Isso, continua Unger, é o que vimos no Brasil nesse último período histórico do nacional-consumismo: os pobres cooptados, pelas transferências sociais; as minorias organizadas, as corporações, pelos direitos adquiridos; os grandes empresários pelo crédito subsidiado e pelos favores tributários; e os rentistas pelos juros astronômicos. E a conta paga pelas commodities, pela riqueza fácil da terra. Todo mundo comprado, cooptado, então a corrupção foi apenas um desdobramento da lógica da cooptação. Essa é a realidade do país, mas temos que abordar os problemas com mais seriedade, e afirmar que o que almejamos é uma lógica de empoderamento, e não de cooptação.

Essa lógica de empoderamento tem então, a meu ver, quatro grandes eixos: o primeiro é o produtivismo, que estivemos discutindo; o segundo é educacional, uma educação que capacite, que rompa com nossa tradição de enciclopedismo raso e ensino dogmático, e organiza o ensino em torno de capacitações práticas e analíticas; o terceiro eixo é a política, uma democracia de alta energia, que organize um engajamento popular mais vigoroso na vida pública, que comece a resolver mais rapidamente os impasses institucionais, e que aprofunde o potencial do regime federativo, para construir alternativas nacionais; o quarto eixo é um novo paradigma de política regional.

Esse projeto que estamos discutindo só vai se efetivar quando traduzido na realidade de cada uma das grandes regiões do país. A política regional não pode ser mais pensada como um conjunto de compensações para o atraso relativo, mas como a organização dos instrumentos para que cada região construa novas vantagens comparativas, a partir de suas condições existentes.
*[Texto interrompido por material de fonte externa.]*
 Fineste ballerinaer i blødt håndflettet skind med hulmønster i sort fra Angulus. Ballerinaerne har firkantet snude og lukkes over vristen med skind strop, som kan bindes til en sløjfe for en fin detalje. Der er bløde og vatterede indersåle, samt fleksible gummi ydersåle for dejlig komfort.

Ciro lembra que, na contramão dos preconceitos regionalistas, a região que mais retrocedeu nos últimos anos foi a metade sul do Rio Grande do Sul. Outro exemplo de declínio seria o Vale do Ribeira, em São Paulo. Enquanto isso, alguns lugares do nordeste, como o Ceará, oferece o melhor padrão de educação pública.

Unger reclama que o Nordeste não tem um projeto estratégico desde a época de Celso Furtado, e que apesar da vibração que existe no Nordeste, todas as instituições que formulam a política nordestina são federais. O Nordeste não tem mais uma única instituição. É como se o Nordeste vivesse sob intervenção federal e tutela permanente. Ele elogia a organização de consórcios entre os estados do Nordeste. Ao invés de esperar salvação de Brasília, as regiões podem começar a se levantar por si mesmas.
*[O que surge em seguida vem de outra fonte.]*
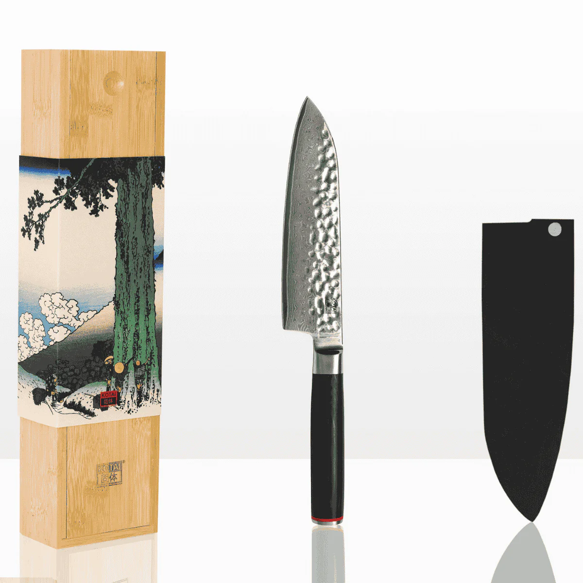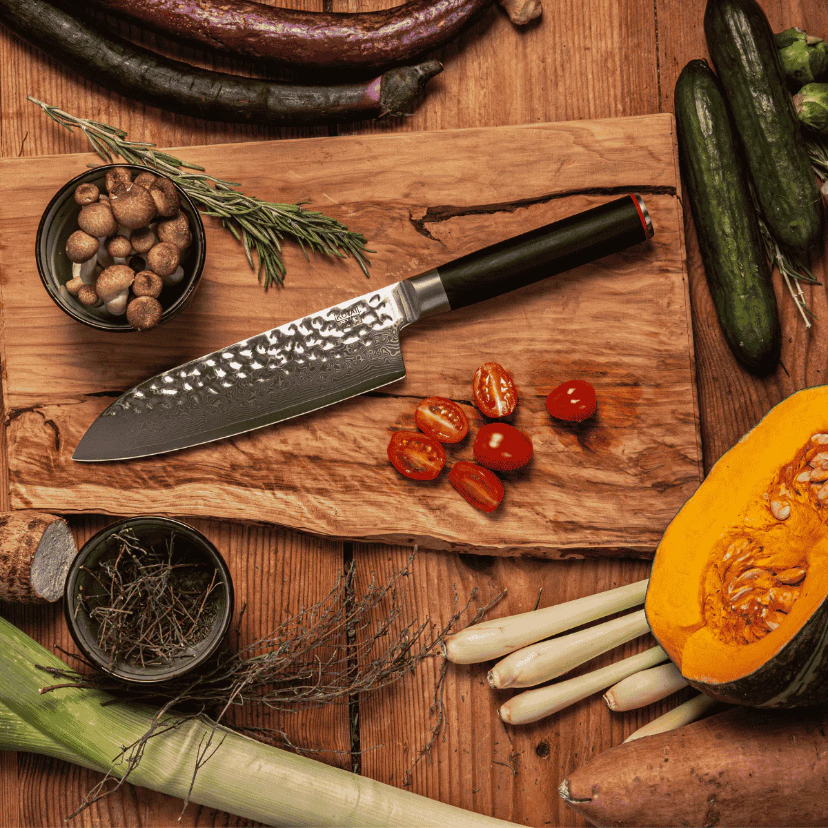 - Santoku. Cómodo, fácil de manejar, afilado y multiusos. El nombre Santoku significa “tres virtudes” en japonés. Su hoja versátil es ideal para picar verduras y frutas, rebanar carnes y preparar pescado.

Ciro provoca o professor: se o senhor se candidatasse a presidente da república e ganhasse as eleições, o que aconteceria?
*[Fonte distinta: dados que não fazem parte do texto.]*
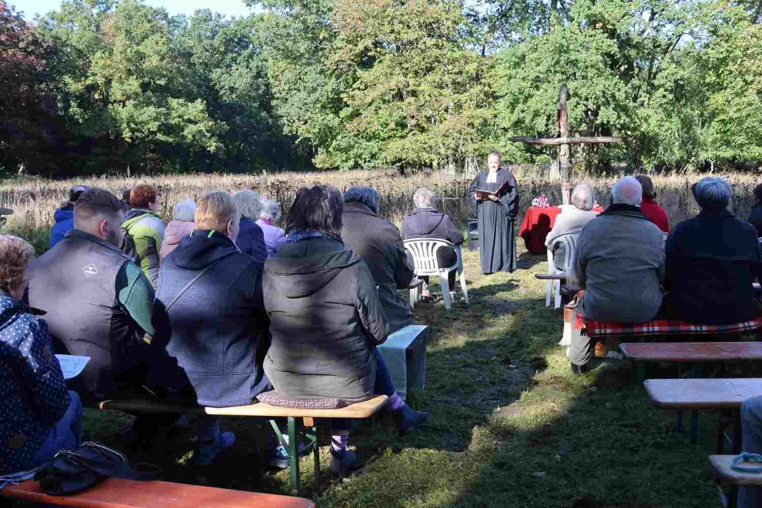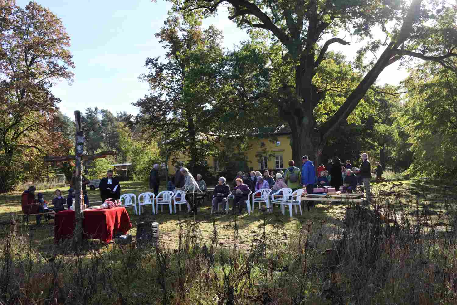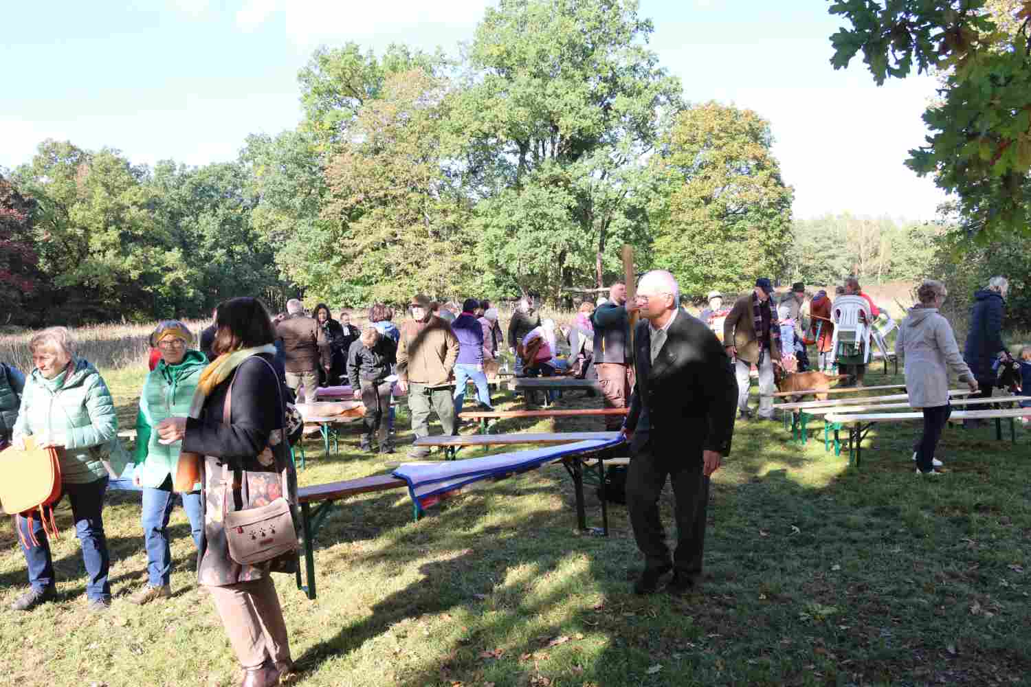 Zum Gedenken an den Schutzpatron der Jägerinnen und Jäger finden Anfang November überall Hubertusmessen statt. Die Kirchengemeinde Wiesenburg war wieder am Forsthaus in Zipsdorf zu Gast unter einer 700 Jahre alten Eiche. Die Familie von Lüttichau richtet schon seit mehreren Jahren den Gottesdienst aus. Bemerkenswert ist, dass die Gäste nicht nur aus dem Gemeindegebiet, sondern von viel weiter her kommen, um diesen besonderen Gottesdienst zu feiern. Eröffnet wurde er in diesem Jahr von Steffen Schüler mit seinem Jagdhorn. Gemeinsam wurde gebetet und gesungen. Pfarrer Stephan Schönfeld hielt eine sehr eindringliche Predigt, schon fast einen Aufruf zum Erhalt unserer Natur. Und ja, auch die Jagd gehört dazu, aber nicht als sportliche Betätigung.

Unger responde que entre a eleição e a posse vão acontecer dois eventos simultâneos: a elite vai começar a se movimentar para ver se eu sou cooptável; e simultaneamente puxarão o punhal, preparando a derrubada, caso a cooptação não dê certo. Por isso temos que construir a nossa base. Todo grande projeto de transformação constrói a sua própria base. Vargas fez isso quando se reinventou em 50. Ele criou a sua base, de empresários e do operariado organizado, nesse setor intensivo em capital da grande indústria. A base desse nosso projeto que estamos construindo teria de ser muito mais ampla; com abertura para esse mundo dos emergentes, e não apenas para os emergentes no sentido objetivo, a pequena burguesia, mas também aqueles que espiritualmente já estão orientados nesse caminho da autoajuda e da iniciativa. Essa é a grande revolução brasileira hoje: o Estado usar seus poderes e recursos para permitir à maioria seguir o caminho da vanguarda dos emergentes.

Unger encerra a entrevista lembrando que, para se vencer o ceticismo popular, é preciso, de um lado, apresentar um projeto ancorado na emancipação, e, de outro, ter lideranças políticas dispostas ao sacrifício.

Sem sacrifício pessoal, não há ação fecunda no mundo.